Correlation Effects in Layered Heterostructures: On the Impact of Long-Range and Dynamically Screened Coulomb Interactions to Normal and Superconducting States in One-Loop Theories and Beyond

As a result of their large surface-to-volume ratio, layered materials are generally much more sensitive to external stimuli compared to bulk systems. At the same time, the Coulomb interaction between electrons in layered materials can be particularly strong and is generically long-ranged, due to the reduced screening in atomically thin materials. The combination of these features paves the way for control over correlation effects induced by the Coulomb interaction, which would render microscopic material properties tunable from the outside.
To exploit these possibilities, we require a fundamental understanding of the physics that governs the properties of these systems.

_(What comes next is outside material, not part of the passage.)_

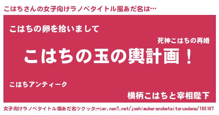 | 意味不明あだ名 | 『もやし科こはち属』『自称こはち』 |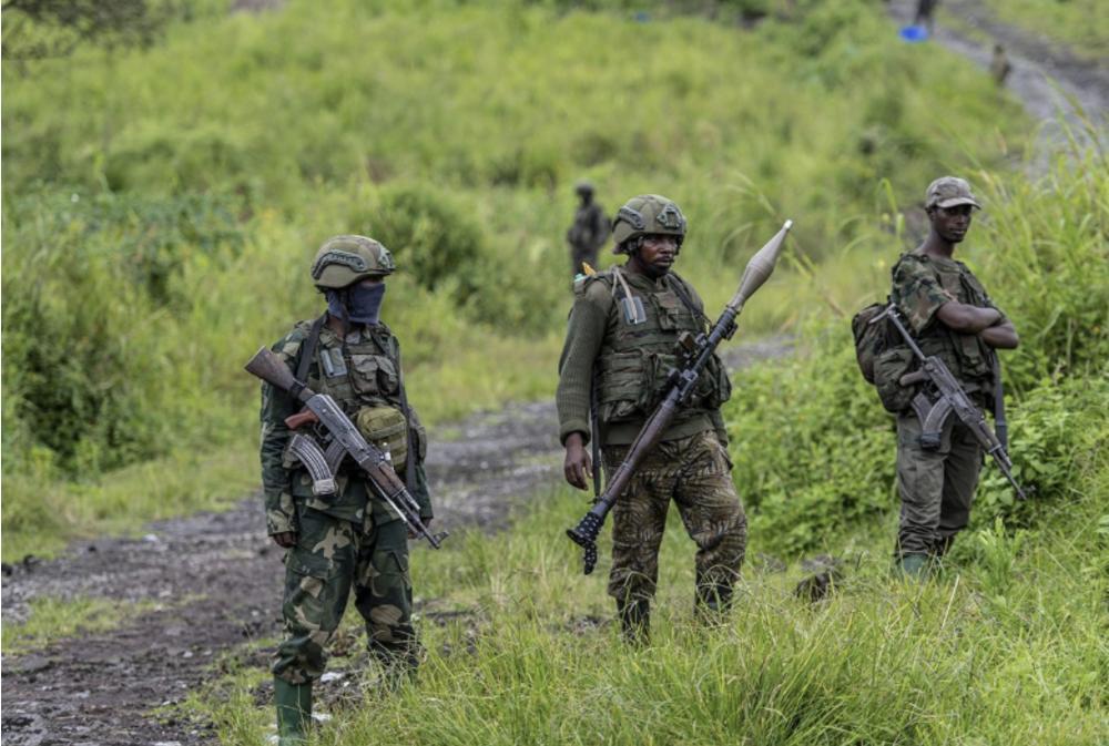M23 rebels at the formalisation of their withdrawal from the town of Kibumba, eastern DRC, December 23, 2022. AP/Sipa

To this end, we theoretically study in this thesis the effect of the long-range 2D Coulomb interaction, as well as screening to it, on the electronic structure and the superconducting properties of layered van-der-Waals heterostructures. By developing and applying methods that go beyond state-of-the-art, we show that dynamical screening can induce novel interlayer electronic excitations, as well as introduce additional superconducting pairing mechanisms. Moreover, these effects are found to be highly sensitive to screening from the environment, yielding efficient tuning knobs for spectral functions and superconducting critical temperatures. The results in this thesis show that a careful consideration of all screening channels is crucial for a reliable description of layered materials and simultaneously opens up various avenues towards controllable microscopic material properties.